* [Data segment]
_ _ _ _ _
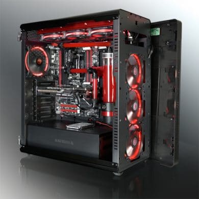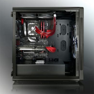 Äußerlich hebt das Gehäuse sich stark von anderen Gehäusen ab. Dank des edel gestalteten Aluminiums macht es optisch einiges her. Auch ein vertikaler Laufwerksschacht für ein optisches Slimline-Laufwerk sowie Platz für den Aufbau umfangreicher Luft- oder Wasserkühlungen ist vorhanden.
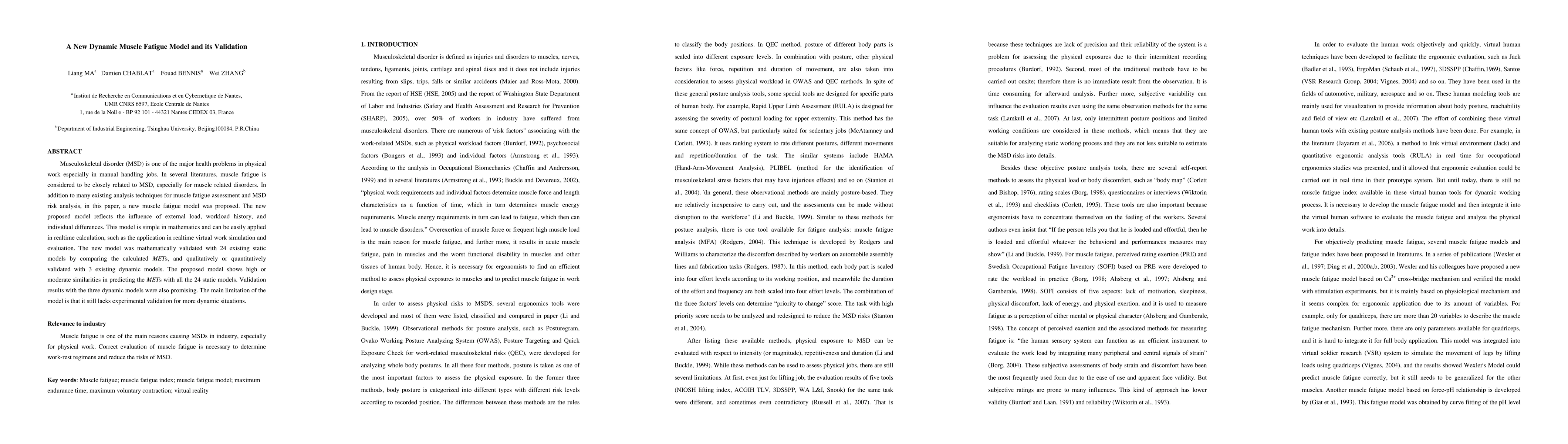This paper proposes a new, simple dynamic muscle fatigue model that considers external load, workload history, and individual differences, validated against existing static and dynamic models. While promising, the model lacks experimental validation for more dynamic scenarios, highlighting its potential for real-time applications in virtual work simulations to mitigate musculoskeletal disorders.
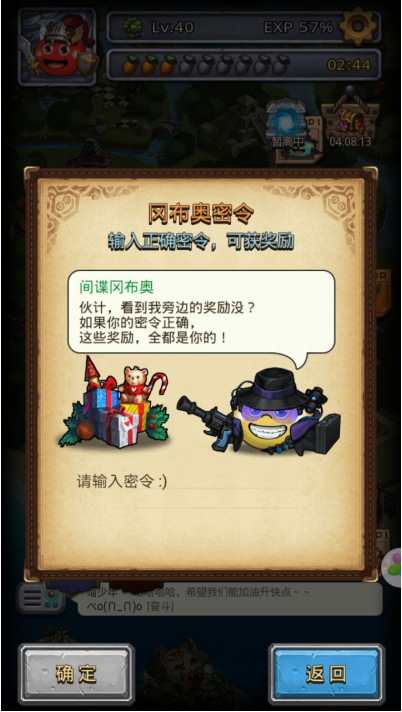 二、系统每日都有福利,每日签到偶尔会赠送碎片。另外,还能通过右上角齿轮图标里的密令功能来获取,该密令中包含大量冈布奥碎片。
_ _ _ _ _
Counting both ends, reproduce word for word the lines from the line with "This paper proposes" to the final line of the listing above, skipping every picture.

* [Written answer]
This paper proposes a new, simple dynamic muscle fatigue model that considers external load, workload history, and individual differences, validated against existing static and dynamic models. While promising, the model lacks experimental validation for more dynamic scenarios, highlighting its potential for real-time applications in virtual work simulations to mitigate musculoskeletal disorders.
 二、系统每日都有福利,每日签到偶尔会赠送碎片。另外,还能通过右上角齿轮图标里的密令功能来获取,该密令中包含大量冈布奥碎片。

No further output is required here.